INSTRUCTIONS FOR THE TASK: Take each line of the entries below that contains "sufrieron" and copy it.

DATASET RECORDS:

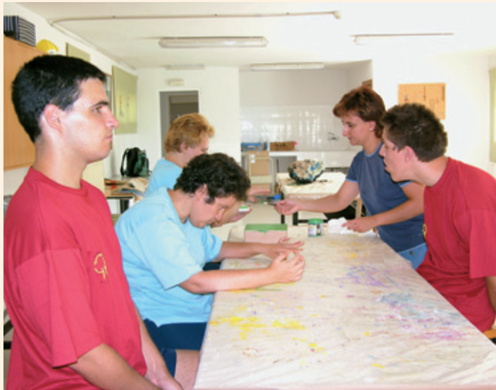
Alumnos con discapacidad intelectual en un taller de manualidades

Un problema de especial relevancia, según el informe, son los casos de autolesión e intento de suicidio entre los
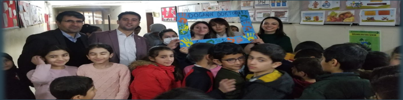
DOĞANIN DOKTORU PROJE ÇALIŞMASI
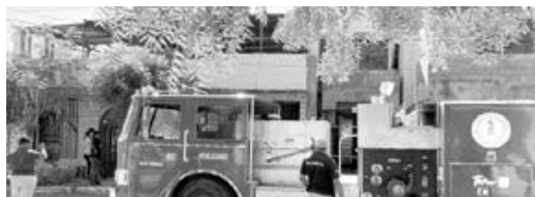
LOS HABITANTES de la casa solo sufrieron una crisis nerviosa.

Aunque sufrieron una crisis nerviosa las personas no tuvieron daño alguno en su físico.

RESPONSE FOR THIS EXERCISE:
LOS HABITANTES de la casa solo sufrieron una crisis nerviosa.
Aunque sufrieron una crisis nerviosa las personas no tuvieron daño alguno en su físico.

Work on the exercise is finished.